The bacterium escapes destruction by pepsin and acid and colonizes stomach and duodenum thus compromising their lining and exposes them to acid. According to Lehne (2013), acid causes ulcers by directly injuring the gastrointestinal mucosa cells and then indirectly activating pepsin. Pepsin is a proteolytic enzyme found in gastric juice. Lehne (2013) warns that just like gastric acid, pepsin can damage unprotected duodenum mucosa and gastric cells. The presence of helicobacter pylori also causes ulcers by exposing an individual to zollinger-ellison syndrome. This is the main disorder in which excessive secretion of acid alone causes ulcers. According to Lehne (2013), zollinger-ellison syndrome results from tumor which secretes gastrin, a hormone that stimulates production of gastric acid. The acid is produced in large quantity thus making it overwhelm mucosal defense. Nonetheless, Zollinger-Ellison causes less than 0.1 percent of duodenal ulcers. Essentially, damage of stomach and duodenum lining exposes these body parts to a number of conditions.
Conclusion
Helicobacter pylori reside in the body for a long time because it can survive in acidic conditions. The bacterium causes ulcers by weakening duodenum and stomach lining thus exposing them to gastric juices.
References
Kusters, J. G., van Vliet, A. H., & Kuipers, E. J. (2006). Pathogenesis of Helicobacter pylori infection. Clinical Microbiology Reviews, 19(3), 449-490.
Lehne, R. A. (2013). Pharmacology for nursing care. St. Louis, Mo: Elsevier/Saunders.

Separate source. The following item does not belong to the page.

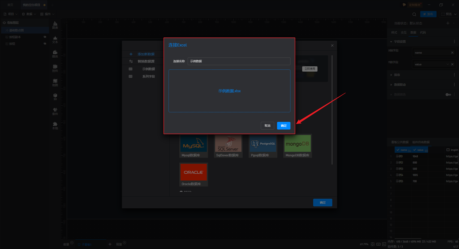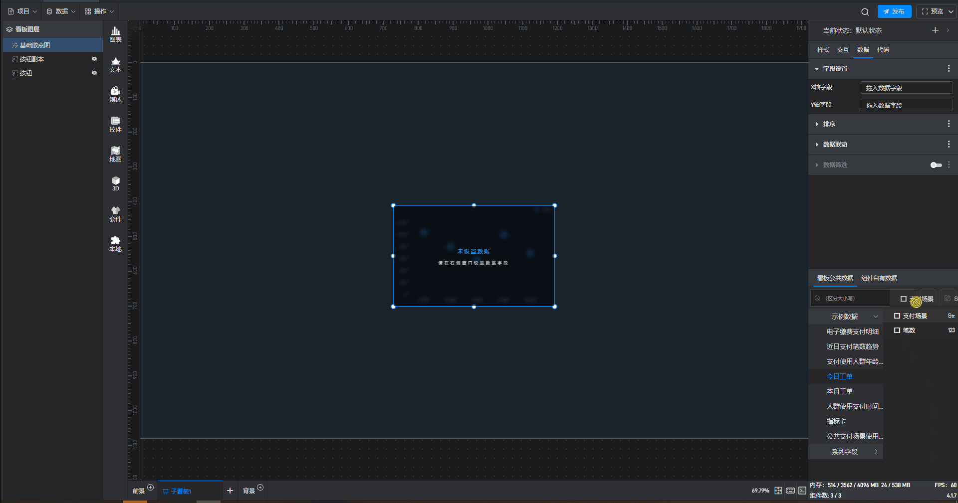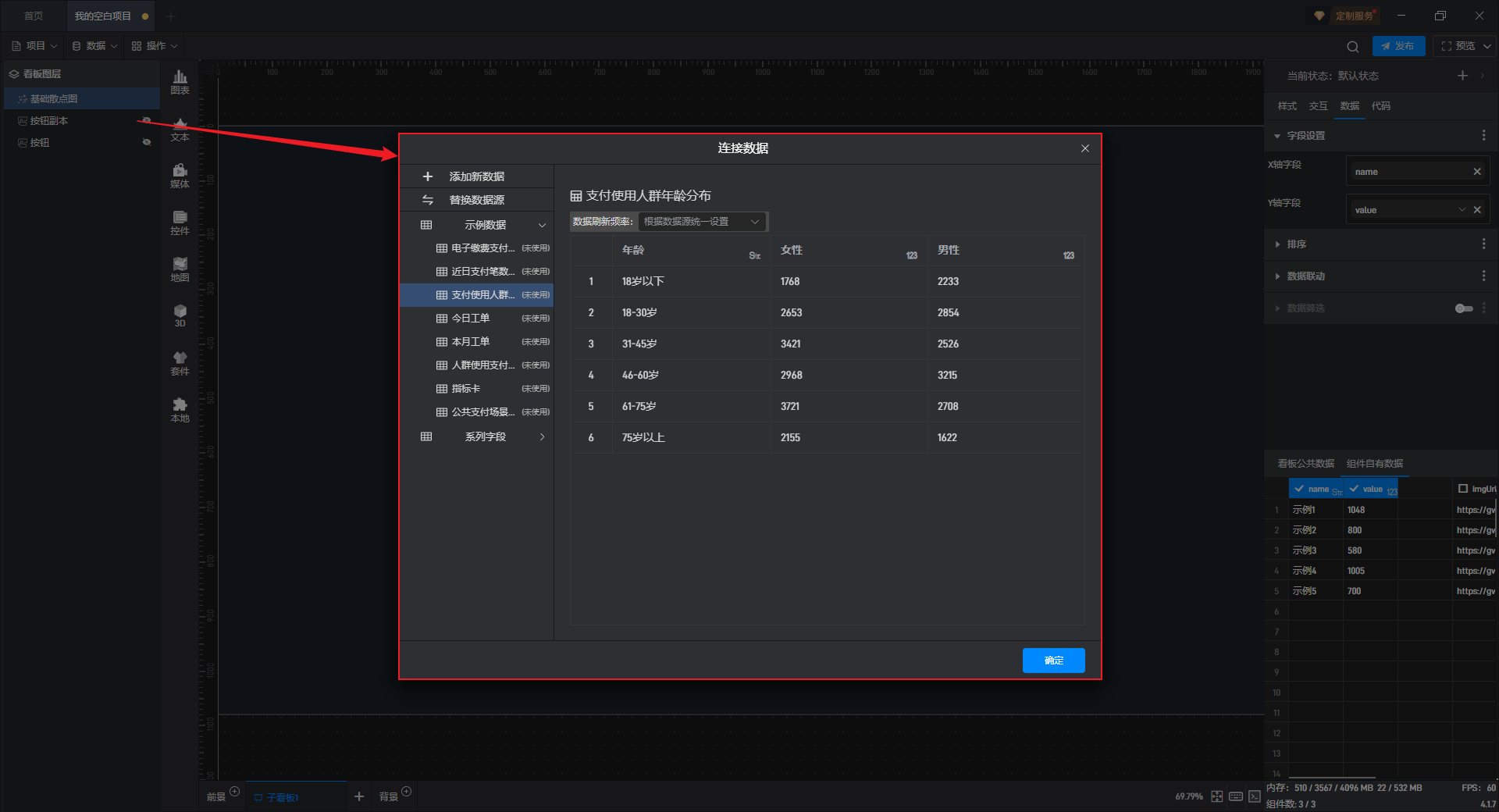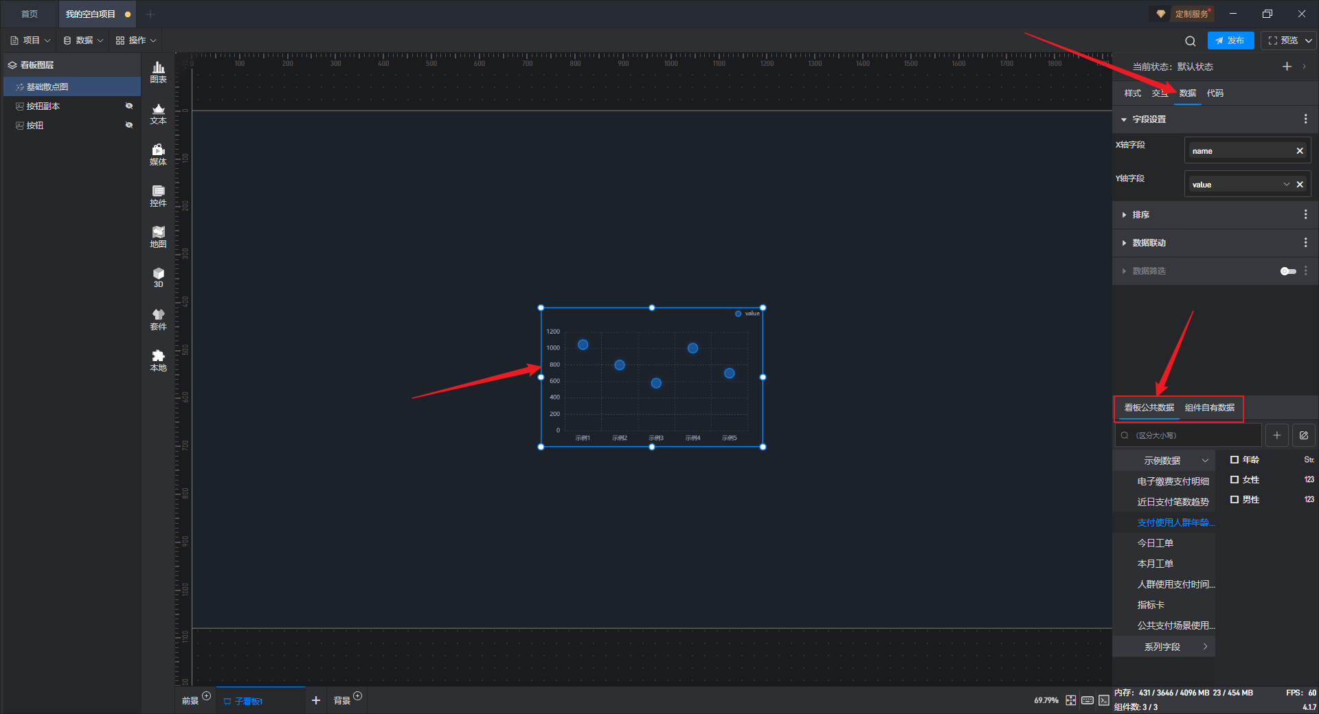 点击选中组件,在右侧“数据”设置窗口中切换到“看板公共数据”(同一个项目中所有数据源是共享的)。

Price, P., & Frey, K. B. (2003). Microbiology for surgical technologists. Australia: Thomson/Delmar Learning.
Stoker, H. S. (2013). General, organic, and biological chemistry. Australia: Brooks/Cole Cengage Learning.
Sutton, P., & Mitchell, H. M. (2010). Helicobacter pylori in the 21st Century. Wallingford, Oxfordshire, U.K: CAB International.
Whitney, E. N., & Rolfes, S. R. (2008). Understanding nutrition. Belmont, CA: Thomson/Wadsworth.